*What you are asked to do*
Take the data below and extract the lines from the one with "Mocassino in pelle" to the one with "With the leads", inclusive, exactly as written.

*Given records*
* * * * * * *
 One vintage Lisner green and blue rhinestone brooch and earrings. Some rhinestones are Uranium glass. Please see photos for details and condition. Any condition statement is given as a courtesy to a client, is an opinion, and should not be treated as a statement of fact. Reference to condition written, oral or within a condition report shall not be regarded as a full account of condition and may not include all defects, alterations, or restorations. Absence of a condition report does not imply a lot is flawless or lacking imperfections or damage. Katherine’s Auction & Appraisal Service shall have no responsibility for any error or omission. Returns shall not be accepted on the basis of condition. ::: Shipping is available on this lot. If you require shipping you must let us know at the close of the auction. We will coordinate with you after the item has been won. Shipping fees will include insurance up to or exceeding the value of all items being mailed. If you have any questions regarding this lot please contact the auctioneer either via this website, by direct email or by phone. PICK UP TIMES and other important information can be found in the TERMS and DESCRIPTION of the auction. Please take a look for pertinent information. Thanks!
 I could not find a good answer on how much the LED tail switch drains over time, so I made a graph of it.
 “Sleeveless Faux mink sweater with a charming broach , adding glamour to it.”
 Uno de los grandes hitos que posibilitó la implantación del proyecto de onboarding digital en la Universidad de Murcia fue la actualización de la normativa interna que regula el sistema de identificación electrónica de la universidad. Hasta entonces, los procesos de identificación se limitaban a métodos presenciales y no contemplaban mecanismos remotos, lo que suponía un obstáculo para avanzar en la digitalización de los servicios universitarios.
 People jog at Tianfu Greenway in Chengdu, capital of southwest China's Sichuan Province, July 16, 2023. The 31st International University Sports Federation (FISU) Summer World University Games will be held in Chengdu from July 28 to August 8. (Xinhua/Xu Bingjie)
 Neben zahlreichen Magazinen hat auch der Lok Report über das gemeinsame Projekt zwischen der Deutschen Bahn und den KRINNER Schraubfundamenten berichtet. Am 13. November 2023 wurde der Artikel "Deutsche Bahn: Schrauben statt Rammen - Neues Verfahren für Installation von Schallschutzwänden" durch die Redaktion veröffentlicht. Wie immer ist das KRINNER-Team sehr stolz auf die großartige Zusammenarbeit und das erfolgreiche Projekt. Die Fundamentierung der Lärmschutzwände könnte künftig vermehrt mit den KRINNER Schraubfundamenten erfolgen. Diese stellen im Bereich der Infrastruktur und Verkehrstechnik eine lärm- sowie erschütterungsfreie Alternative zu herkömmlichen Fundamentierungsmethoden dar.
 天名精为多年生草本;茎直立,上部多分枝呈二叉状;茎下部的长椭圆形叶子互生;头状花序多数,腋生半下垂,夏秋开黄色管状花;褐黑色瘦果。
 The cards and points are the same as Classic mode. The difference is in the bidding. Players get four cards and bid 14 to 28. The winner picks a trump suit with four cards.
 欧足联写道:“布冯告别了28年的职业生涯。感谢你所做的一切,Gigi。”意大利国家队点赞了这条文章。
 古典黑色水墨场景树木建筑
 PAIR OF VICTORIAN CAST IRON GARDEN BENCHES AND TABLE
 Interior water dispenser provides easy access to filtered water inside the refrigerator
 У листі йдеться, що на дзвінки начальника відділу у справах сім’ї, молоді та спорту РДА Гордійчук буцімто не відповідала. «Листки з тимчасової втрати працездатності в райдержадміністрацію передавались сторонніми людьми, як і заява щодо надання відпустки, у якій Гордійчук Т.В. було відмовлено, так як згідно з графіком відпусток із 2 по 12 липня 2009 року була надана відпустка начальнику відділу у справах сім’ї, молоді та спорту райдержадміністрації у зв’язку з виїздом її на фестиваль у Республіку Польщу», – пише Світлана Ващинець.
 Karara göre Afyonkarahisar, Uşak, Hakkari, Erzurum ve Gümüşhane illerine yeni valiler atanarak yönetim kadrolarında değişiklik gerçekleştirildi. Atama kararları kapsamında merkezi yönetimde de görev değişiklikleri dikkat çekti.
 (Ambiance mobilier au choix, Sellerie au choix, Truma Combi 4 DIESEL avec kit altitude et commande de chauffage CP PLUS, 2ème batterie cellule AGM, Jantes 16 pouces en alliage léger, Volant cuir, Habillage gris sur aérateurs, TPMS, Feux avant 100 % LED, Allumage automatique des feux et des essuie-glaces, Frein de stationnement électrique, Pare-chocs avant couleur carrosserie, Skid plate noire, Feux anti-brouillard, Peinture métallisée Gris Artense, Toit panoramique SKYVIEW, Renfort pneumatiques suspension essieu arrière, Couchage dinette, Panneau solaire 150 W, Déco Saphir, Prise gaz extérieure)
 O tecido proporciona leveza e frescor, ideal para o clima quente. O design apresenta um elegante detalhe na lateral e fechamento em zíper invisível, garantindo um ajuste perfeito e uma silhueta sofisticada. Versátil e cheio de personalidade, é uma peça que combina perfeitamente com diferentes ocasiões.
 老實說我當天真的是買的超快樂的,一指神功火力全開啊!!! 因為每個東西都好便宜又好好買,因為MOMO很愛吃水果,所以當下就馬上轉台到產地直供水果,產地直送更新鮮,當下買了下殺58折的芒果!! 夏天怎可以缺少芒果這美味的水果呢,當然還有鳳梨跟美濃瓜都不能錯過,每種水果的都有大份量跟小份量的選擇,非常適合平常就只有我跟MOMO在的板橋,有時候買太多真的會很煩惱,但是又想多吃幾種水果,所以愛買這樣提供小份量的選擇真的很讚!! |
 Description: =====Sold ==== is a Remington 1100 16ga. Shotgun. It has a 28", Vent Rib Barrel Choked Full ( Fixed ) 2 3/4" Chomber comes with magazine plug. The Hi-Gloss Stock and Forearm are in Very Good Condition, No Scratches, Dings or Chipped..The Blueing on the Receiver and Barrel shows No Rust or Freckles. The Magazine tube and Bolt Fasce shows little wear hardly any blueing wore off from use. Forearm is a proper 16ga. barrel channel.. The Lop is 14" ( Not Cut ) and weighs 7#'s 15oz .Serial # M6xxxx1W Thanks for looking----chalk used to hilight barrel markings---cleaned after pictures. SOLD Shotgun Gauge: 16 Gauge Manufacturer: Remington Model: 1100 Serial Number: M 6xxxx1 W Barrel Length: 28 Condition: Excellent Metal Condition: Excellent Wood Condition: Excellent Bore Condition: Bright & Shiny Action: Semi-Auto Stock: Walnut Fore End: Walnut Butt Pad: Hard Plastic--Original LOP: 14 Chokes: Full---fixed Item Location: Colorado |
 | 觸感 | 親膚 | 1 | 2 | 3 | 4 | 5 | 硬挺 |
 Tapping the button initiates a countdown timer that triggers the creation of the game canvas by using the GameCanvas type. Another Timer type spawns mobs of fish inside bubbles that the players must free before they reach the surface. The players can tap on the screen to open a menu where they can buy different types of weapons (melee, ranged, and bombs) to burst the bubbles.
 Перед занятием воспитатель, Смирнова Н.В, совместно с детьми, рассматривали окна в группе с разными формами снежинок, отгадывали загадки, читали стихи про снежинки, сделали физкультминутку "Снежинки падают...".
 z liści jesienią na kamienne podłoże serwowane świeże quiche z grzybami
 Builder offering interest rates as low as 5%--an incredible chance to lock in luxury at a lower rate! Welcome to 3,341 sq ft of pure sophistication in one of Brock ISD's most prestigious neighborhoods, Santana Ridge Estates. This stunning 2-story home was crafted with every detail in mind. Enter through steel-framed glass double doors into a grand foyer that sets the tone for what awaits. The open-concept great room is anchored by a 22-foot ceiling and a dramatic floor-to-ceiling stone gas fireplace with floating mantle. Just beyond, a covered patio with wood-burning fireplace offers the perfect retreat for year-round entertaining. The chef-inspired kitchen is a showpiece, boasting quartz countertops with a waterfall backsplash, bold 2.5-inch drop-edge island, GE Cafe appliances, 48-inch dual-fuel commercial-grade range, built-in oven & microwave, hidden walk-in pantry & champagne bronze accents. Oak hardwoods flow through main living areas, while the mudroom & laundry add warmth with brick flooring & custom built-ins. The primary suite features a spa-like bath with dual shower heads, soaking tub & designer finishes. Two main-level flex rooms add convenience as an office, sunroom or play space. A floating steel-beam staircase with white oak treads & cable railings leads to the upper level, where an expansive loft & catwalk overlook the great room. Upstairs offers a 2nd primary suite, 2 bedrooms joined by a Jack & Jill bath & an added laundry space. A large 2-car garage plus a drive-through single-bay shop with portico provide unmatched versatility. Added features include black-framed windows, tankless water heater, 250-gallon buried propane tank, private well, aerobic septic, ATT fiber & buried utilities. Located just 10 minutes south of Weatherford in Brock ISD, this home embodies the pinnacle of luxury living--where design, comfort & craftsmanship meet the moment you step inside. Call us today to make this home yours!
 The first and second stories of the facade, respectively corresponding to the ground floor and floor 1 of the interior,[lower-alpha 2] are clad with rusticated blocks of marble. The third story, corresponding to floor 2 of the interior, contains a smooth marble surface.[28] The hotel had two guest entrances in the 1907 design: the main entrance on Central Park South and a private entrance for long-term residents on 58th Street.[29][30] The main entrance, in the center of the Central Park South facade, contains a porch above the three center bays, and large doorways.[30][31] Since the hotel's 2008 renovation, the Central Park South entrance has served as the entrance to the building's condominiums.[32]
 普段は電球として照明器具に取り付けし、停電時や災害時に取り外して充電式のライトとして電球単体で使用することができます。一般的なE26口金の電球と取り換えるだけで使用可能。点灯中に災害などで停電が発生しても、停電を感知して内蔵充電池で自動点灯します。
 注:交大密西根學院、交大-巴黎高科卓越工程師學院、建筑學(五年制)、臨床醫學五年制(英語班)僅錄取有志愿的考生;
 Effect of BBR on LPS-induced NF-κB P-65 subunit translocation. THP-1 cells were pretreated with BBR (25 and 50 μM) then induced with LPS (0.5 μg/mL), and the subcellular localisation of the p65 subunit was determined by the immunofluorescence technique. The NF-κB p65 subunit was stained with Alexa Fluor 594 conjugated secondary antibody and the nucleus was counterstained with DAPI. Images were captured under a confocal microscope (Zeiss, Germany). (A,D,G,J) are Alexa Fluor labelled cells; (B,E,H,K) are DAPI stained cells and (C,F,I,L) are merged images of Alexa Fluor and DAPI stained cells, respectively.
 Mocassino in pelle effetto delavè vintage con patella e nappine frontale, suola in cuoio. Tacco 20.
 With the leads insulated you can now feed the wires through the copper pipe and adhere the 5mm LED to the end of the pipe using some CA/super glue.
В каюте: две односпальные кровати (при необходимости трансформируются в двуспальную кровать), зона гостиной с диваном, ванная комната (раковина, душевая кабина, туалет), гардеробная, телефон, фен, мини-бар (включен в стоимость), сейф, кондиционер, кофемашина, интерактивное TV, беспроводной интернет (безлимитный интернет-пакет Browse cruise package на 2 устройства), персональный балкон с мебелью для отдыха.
* * * * * * *
*Exercise response*
 Mocassino in pelle effetto delavè vintage con patella e nappine frontale, suola in cuoio. Tacco 20.
 With the leads insulated you can now feed the wires through the copper pipe and adhere the 5mm LED to the end of the pipe using some CA/super glue.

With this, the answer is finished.